All life on Earth contains ribonucleic acid (RNA), a special molecule that helps build proteins from simpler amino acids. To kickstart this fundamental biological process, RNA and amino acids had to become attached at some point. But this key step, known as RNA aminoacylation, has never been experimentally observed in early Earth-like conditions despite the best efforts of many researchers over the decades.

Now, a team has achieved this milestone in the quest to unravel life’s origins. As they report in a study published on Wednesday in Nature, the researchers were able to link amino acids to RNA in water at a neutral pH with the aid of energetic chemical compounds called thioesters. The work revealed that two contrasting origin stories for life on Earth, known as “RNA world” and “thioester world,” may both be right.
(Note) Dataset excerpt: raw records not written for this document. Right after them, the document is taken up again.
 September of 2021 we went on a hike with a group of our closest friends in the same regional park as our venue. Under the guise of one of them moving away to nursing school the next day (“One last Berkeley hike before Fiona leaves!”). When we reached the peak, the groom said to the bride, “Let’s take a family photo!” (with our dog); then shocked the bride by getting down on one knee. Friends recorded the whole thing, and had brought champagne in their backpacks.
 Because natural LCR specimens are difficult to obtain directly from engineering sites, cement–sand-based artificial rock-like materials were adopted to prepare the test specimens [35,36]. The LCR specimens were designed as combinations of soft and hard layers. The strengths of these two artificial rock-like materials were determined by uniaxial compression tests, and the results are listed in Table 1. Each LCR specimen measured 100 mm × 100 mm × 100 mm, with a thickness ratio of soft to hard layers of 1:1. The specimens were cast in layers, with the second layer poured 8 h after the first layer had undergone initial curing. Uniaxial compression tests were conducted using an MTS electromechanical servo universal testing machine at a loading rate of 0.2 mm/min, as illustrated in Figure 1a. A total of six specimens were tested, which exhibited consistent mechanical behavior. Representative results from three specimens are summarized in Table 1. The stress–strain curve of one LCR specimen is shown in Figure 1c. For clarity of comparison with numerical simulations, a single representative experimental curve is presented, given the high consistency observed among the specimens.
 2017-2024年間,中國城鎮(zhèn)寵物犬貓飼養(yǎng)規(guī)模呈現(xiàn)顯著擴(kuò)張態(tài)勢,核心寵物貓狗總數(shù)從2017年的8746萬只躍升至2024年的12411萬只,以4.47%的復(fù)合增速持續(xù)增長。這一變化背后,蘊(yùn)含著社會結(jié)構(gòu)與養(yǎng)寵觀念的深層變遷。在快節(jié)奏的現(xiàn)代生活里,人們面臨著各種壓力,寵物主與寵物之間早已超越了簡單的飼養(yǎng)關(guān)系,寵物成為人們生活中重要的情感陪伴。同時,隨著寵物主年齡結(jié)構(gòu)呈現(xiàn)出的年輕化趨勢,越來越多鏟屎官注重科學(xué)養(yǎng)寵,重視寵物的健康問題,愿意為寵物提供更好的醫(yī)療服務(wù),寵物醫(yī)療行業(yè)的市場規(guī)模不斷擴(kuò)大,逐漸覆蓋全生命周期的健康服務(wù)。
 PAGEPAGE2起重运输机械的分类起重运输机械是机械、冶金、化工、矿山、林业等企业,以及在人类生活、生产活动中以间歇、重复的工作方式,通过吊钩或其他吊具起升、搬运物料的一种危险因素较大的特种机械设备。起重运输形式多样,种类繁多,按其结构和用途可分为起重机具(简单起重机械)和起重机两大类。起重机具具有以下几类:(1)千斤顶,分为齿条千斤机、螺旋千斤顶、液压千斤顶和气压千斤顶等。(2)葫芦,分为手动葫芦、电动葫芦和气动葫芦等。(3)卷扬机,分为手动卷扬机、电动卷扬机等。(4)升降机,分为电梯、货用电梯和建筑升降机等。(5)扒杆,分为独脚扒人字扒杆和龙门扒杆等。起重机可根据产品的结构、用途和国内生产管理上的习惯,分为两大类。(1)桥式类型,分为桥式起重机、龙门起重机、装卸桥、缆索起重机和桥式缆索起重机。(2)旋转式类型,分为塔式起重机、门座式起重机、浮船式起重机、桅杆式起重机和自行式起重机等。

“It unites two theories for the origin of life, which are totally separate,” said Matthew Powner, a professor of organic chemistry at University College London and an author of the study, in a call with 404 Media. “These were opposed theories—either you have thioesters or you have RNA.”

“What we found, which is kind of cool, is that if you put them both together, they're more than the sum of their parts,” he continued. “Both aspects—RNA world and thioester world—might be right and they’re not mutually exclusive. They can both work together to provide different aspects of things that are essential to building a cell.”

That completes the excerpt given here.